Ammonium tartrate
- Names: IUPAC name diazanium;(2R,3R)-2,3-dihydroxybutanedioate

Identifiers
- CAS Number: 3164-29-2;
- 3D model (JSmol): Interactive image;
- ChemSpider: 17459;
- ECHA InfoCard: 100.019.654
- EC Number: 221-618-9;
- PubChem CID: 2724224;
- UNII: JI8UD88354;
- CompTox Dashboard (EPA): DTXSID50889463;

Properties
- Chemical formula: C_{4}H_{12}N_{2}O_{6}
- Molar mass: 184.148 g·mol^{−1}
- Appearance: colorless crystals
- Density: 1.601 g/cm^{3}
- Boiling point: 399.3 °C
- Solubility in water: soluble

Hazards
- Flash point: 249.7 °C

= Ammonium tartrate =

Ammonium tartrate is a chemical compound with the chemical formula (NH4)2C4H4O6. This is an organic ammonium salt of tartaric acid.

==Synthesis==
Ammonium tartrate can be prepared by the reaction of tartaric acid and ammonium carbonate.

==Physical properties==
Ammonium tartrate forms colorless crystals that slowly release ammonia if exposed to air. Easily soluble in water, also soluble in alcohol.
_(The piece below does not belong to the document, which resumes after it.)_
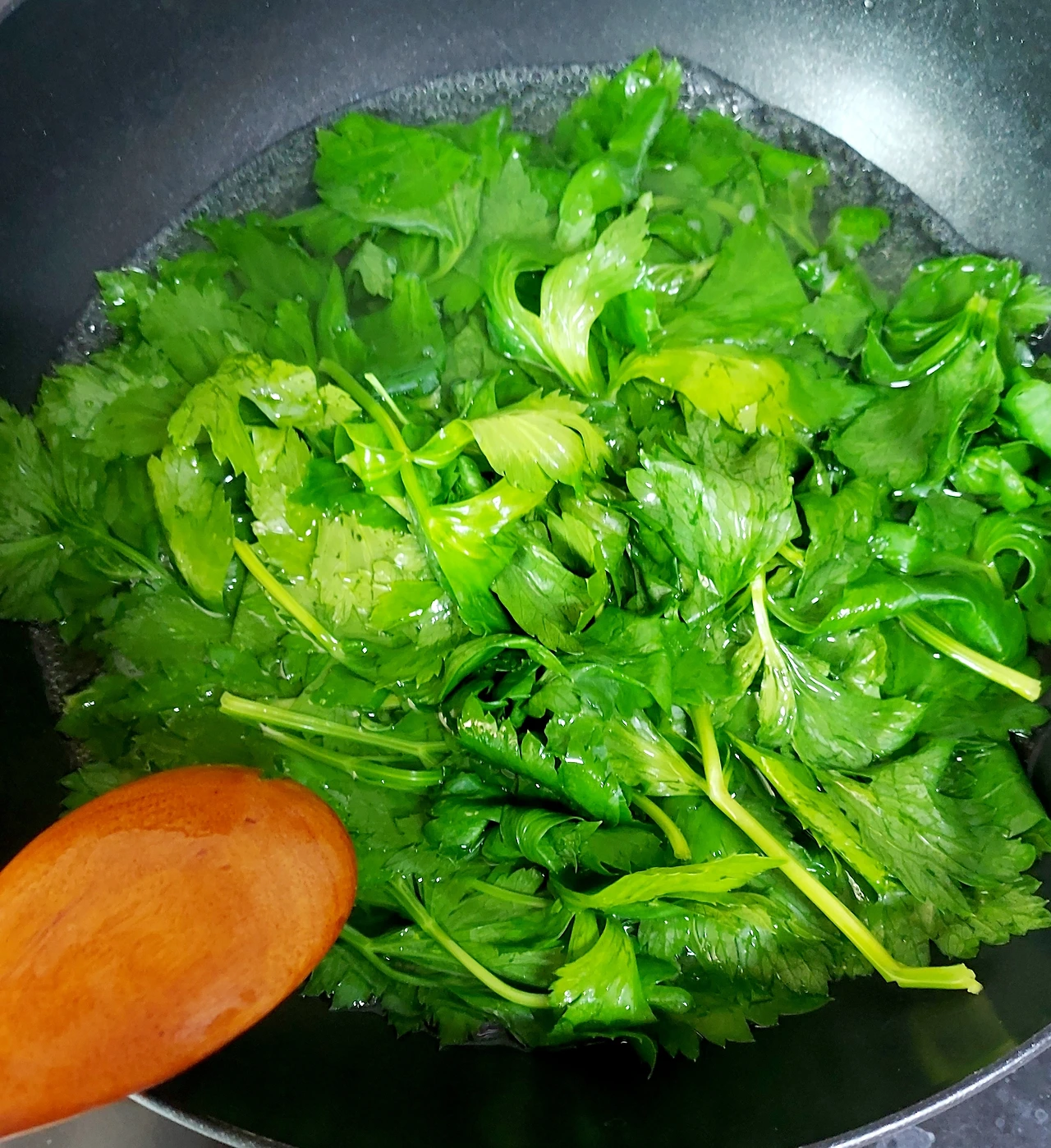사람마다 입맛이 다르겠지만, 내 경우에는 줄기무침이 중독성이 있다고나 할까. 꼭꼭 씹을수록 입안에서 퍼지는 쌉싸래한 맛과 향이 끌린다. 시금치 무침 같이 생겨서 분위기는 완전히 다른 샐러리 잎무침. 지금은 줄기보다 잎이 더 맛있다.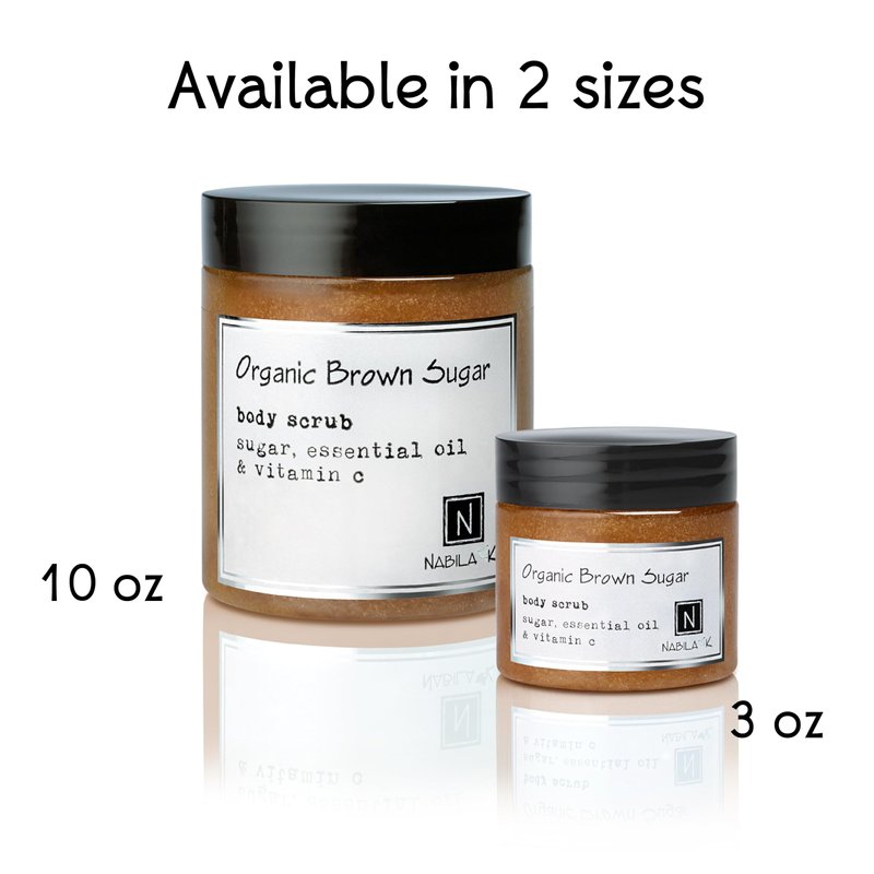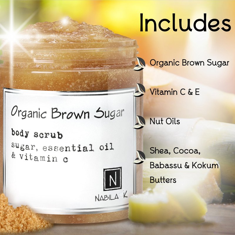 Organic Brown Sugar Body Scrub Made in USA with Essential Oil and Vitamin C by Nabila K - Exfoliate and Moisturize for Smooth Skin - Luxury for Women & Men, 3 oz

Ammonium tartrate crystallizes in the monoclinic crystal system with the space group P21 (space group No. 4) with the lattice parameters a = 708 pm, b = 612 pm, c = 880 pm, β = 92.42 ° and Z = 2.

==Uses==
The compound is used in textile industry and in medicine.

Also can be used as an analytical reagent and an intermediate in organic synthesis.